== Segment start ==

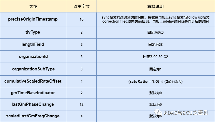 图12 IEEE802.1AS规范下Follow up报文Payload定义 如下图13所示为IEEE802.1AS规范下Follow up报文Payload与标准TLV字段解释说明:
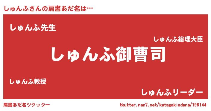 | 女子向けラノベタイトル風あだ名 | 『しゅんふ姫と円卓の騎士』 |
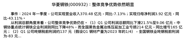 值得注意的是:2024年05月光大证券的王招华/戴默分析师,首次发布关于华菱钢铁的研究报告,标题为:华菱钢铁(000932):整体竞争优势依然明显。
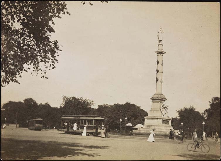 [Columbus Circle, showing laying of cornerstone of Columbus Monument.]
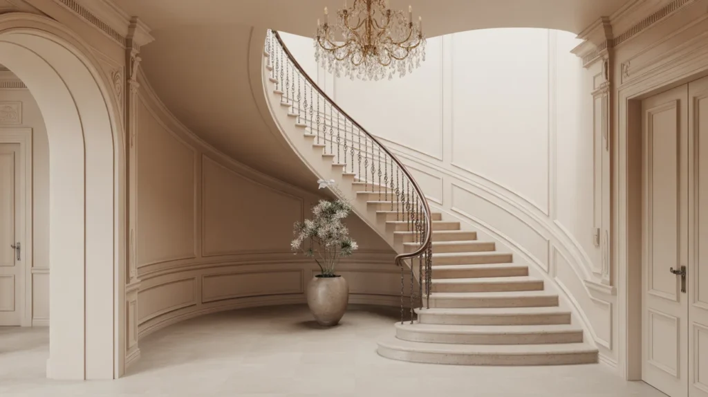 A curved staircase feels elegant, dramatic, and luxurious. Its graceful shape adds movement and softness that straight staircases often lack. This design works beautifully in entryways where you want an unforgettable first impression. It is one of those staircase ideas that instantly elevates a home’s visual appeal. For Pinterest decor inspiration, curved forms are always eye-catching because they feel both classic and high-end. Even simple finishes can look stunning when paired with a curved structure.

== Segment end ==

Goal of the exercise: Could you write out all the records exactly, without the pictures?

Your response:
 图12 IEEE802.1AS规范下Follow up报文Payload定义 如下图13所示为IEEE802.1AS规范下Follow up报文Payload与标准TLV字段解释说明:
 | 女子向けラノベタイトル風あだ名 | 『しゅんふ姫と円卓の騎士』 |
 值得注意的是:2024年05月光大证券的王招华/戴默分析师,首次发布关于华菱钢铁的研究报告,标题为:华菱钢铁(000932):整体竞争优势依然明显。
 [Columbus Circle, showing laying of cornerstone of Columbus Monument.]
 A curved staircase feels elegant, dramatic, and luxurious. Its graceful shape adds movement and softness that straight staircases often lack. This design works beautifully in entryways where you want an unforgettable first impression. It is one of those staircase ideas that instantly elevates a home’s visual appeal. For Pinterest decor inspiration, curved forms are always eye-catching because they feel both classic and high-end. Even simple finishes can look stunning when paired with a curved structure.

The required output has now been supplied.